There will be engagement of groups within and around the watershed. Among others, these groups will include:

  • the governments of Ontario and Québec
  • Indigenous groups
  • local watershed groups
  • industry representatives
  • diversity groups
  • non-governmental organizations
  • academia
  • general public

The following will be examined for the Ottawa River watershed:

  • governance structure, including the roles and responsibilities of governments for land, water-use, and other resource management
  • the importance of key ecosystems and current measures to conserve and protect them
  • its historical, cultural and heritage importance, and current measures to protect that heritage, especially for Indigenous groups
  • its socio-economic importance, such as industrial, recreational, transportation and subsistence uses

The study helps fulfil the federal government’s freshwater mandate priorities. The study supports the government’s pledge to treat water as a precious resource that deserves protection and careful management.

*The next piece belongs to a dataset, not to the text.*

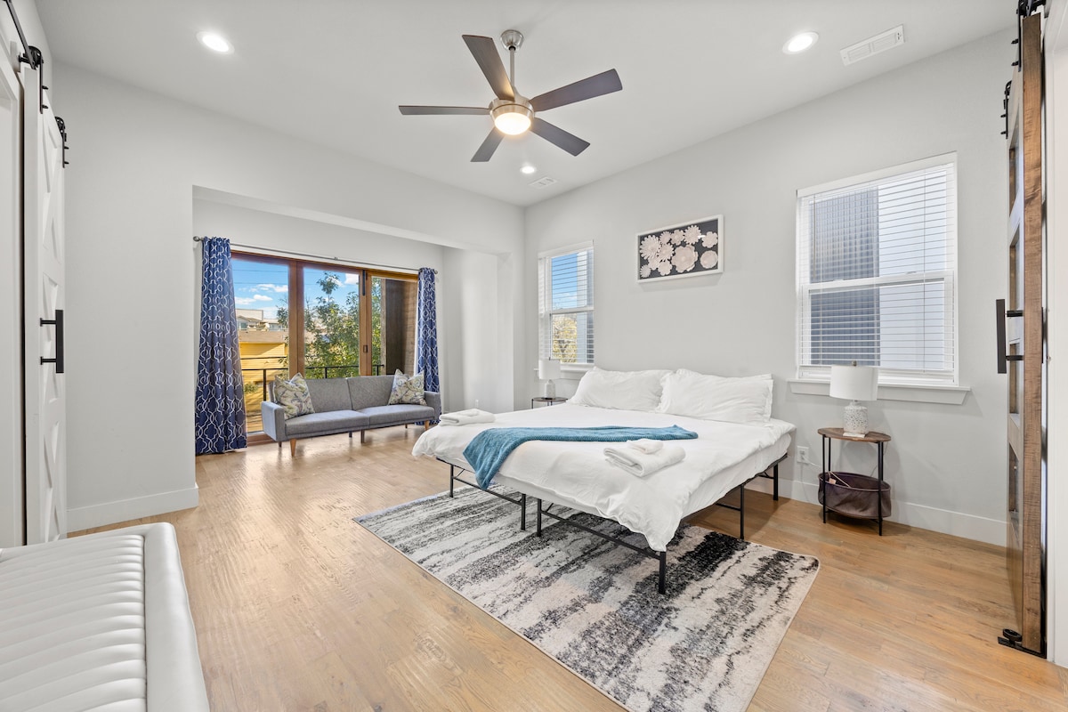 Get the best of urban living in this tucked away luxury townhouse! Enjoy everything from cooking your heart out in the fully equipped luxury kitchen, to kicking back in front of the 86” TV (YouTube TV, Netflix, Disney+), or just simply enjoy a cocktail on the back patio! Luxury linens (1200 thread-count sheets, RH towels, amazing mattresses), well equipped bathrooms, walk-in closet, etc. If business travel is your game, enjoy high speed WiFi and a full desk for your workspace!

The Ottawa River is the biggest river flowing into St. Lawrence River. Protection of the St. Lawrence River is a shared priority for the federal government and the government of Quebec, through the Canada-Quebec Agreement (2011-2026) on the St. Lawrence.

This study could help determine information and governance gaps affecting the Ottawa River watershed. It could also lead to greater partnership with other levels of government, Indigenous groups, and stakeholders.

The study itself will not affect human health, economic growth, or the environment. However, there will be an examination of the effects of a potential Ottawa River Watershed Council, and its potential contributions to the 2016-2019 Federal Sustainable Development Strategy.